5.3. Применение АСЗИ для обработки защищаемой информации разрешается только после ее аттестации на соответствие требованиям безопасности информации.
5.4. Эксплуатация АСЗИ должна осуществляться в полном соответствии с утвержденной организационно-распорядительной и эксплуатационной документацией на АСЗИ, оценка которым должна быть дана при испытаниях АСЗИ на соответствие требованиям НД по защите информации.

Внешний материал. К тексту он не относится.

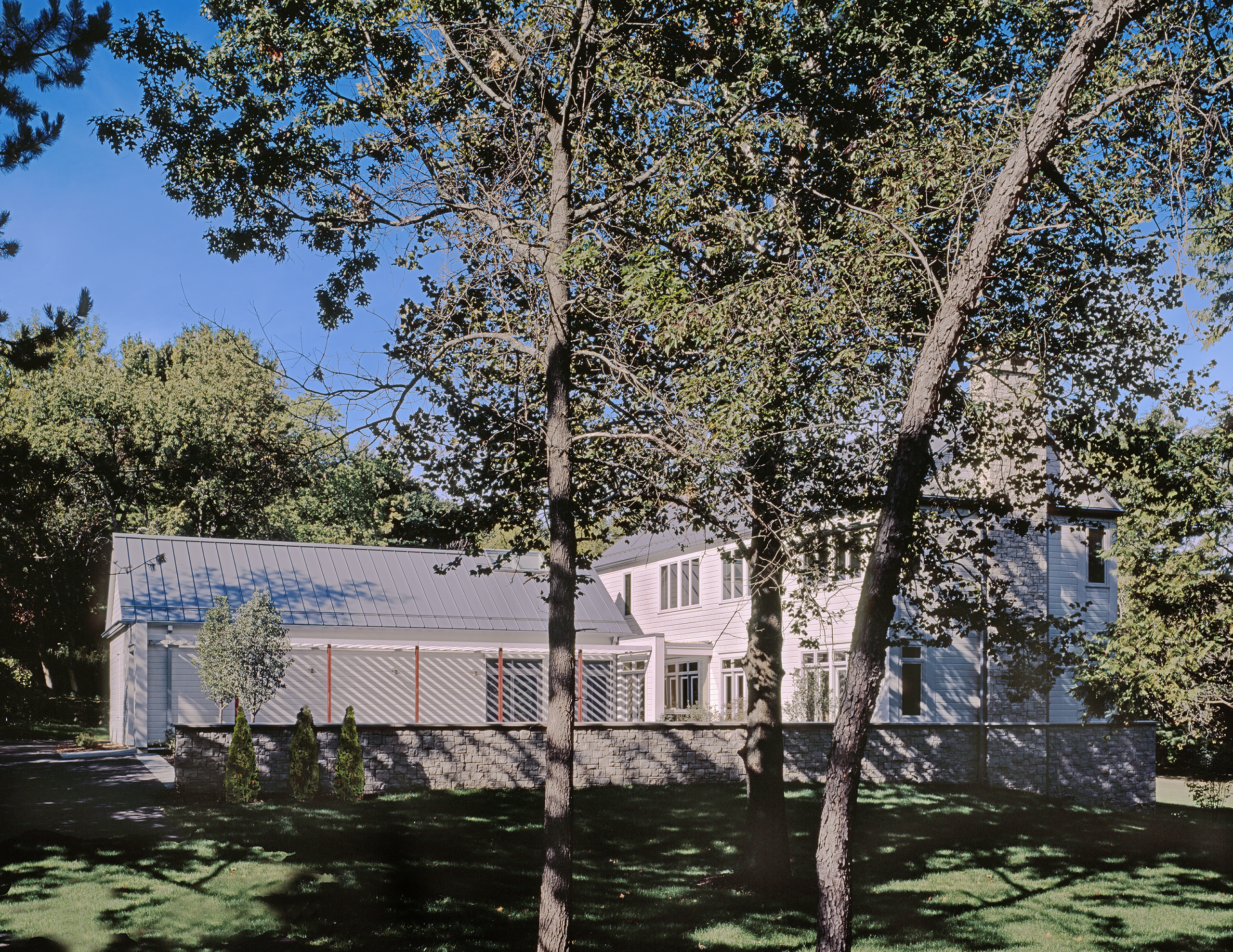 Located on a rolling site in the Highlands neighborhood of Madison Wisconsin, this 4 bedroom single family residence is meant to recall the simple understated farmhouse architecture of the area, updated with contemporary spatial relationships.

5.5.Должностные лица, обслуживающий персонал и пользователи (операторы) АСЗИ несут ответственность за несоблюдение ими установленного порядка работы по ЗИ и применения мер и средств защиты информации.

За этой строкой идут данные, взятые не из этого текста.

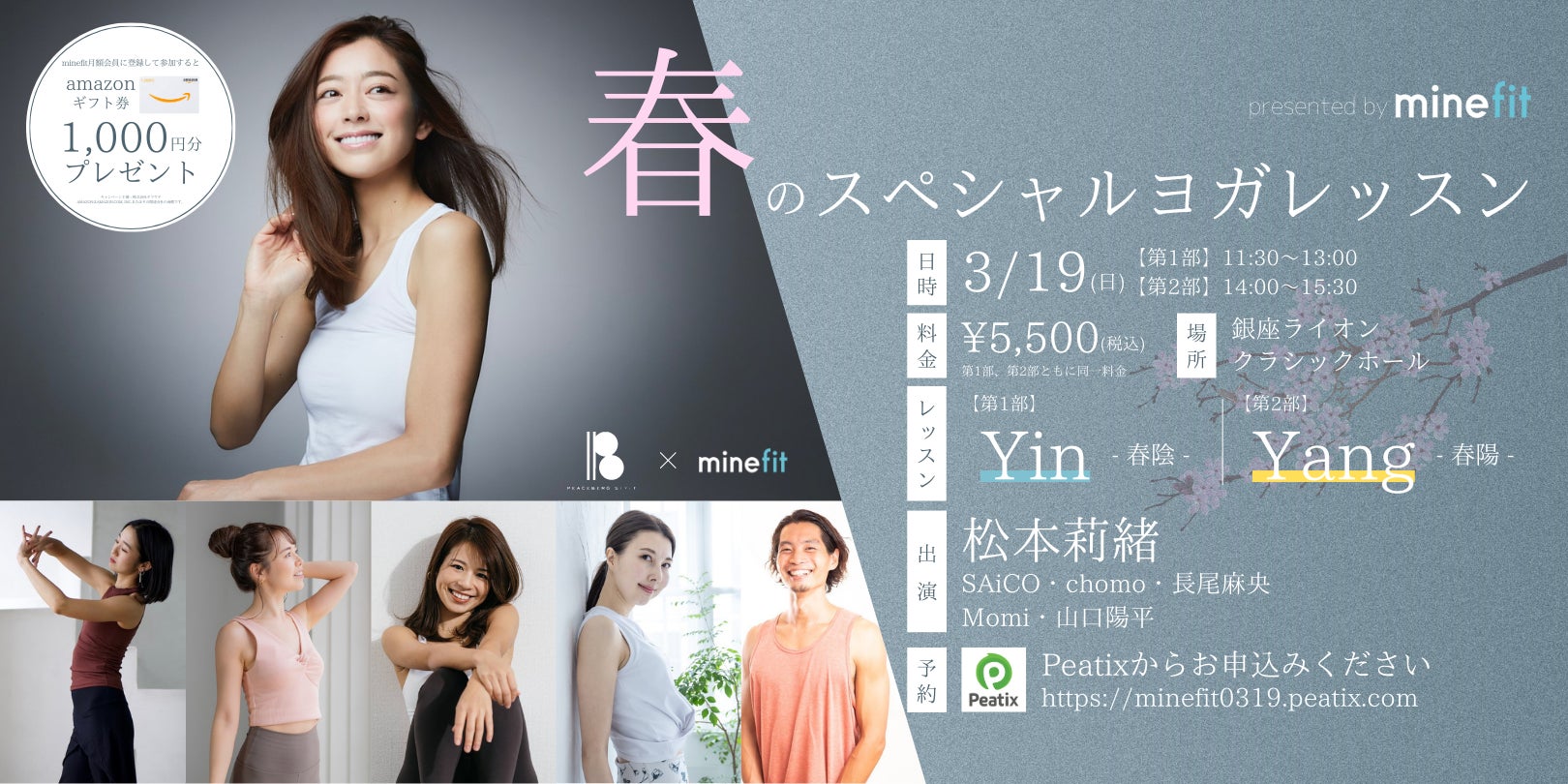 【松本莉緒さん出演!】3月19日(日) 人気講師6名によるminefit春のスペシャルヨガレッスンを初開催【リアルイベント】

5.6. При выявлении нарушений требований ЗИ на АСЗИ установленным НД эксплуатация АСЗИ должна быть прекращена.
5.7. Прекращение эксплуатации АСЗИ возможно также по следующим основаниям:
- согласно принятому собственником (владельцем) АСЗИ решению и оформленному в установленном порядке;
- согласно принятому решению органа надзора (контроля) из-за несоответствия требованиям НД по защите информации или по другим причинам, приводящим к утечке ЗИ или другим угрозам защищаемой информации;
- по решению суда.
5.8. Организационно-методическое руководство работами по созданию, изготовлению, обеспечению и эксплуатации средств криптографической ЗИ, сертификации этих средств, а также контроль за состоянием и развитием этого направления работ осуществляют ведомства, уполномоченные Правительством Российской Федерации на проведение соответствующих работ.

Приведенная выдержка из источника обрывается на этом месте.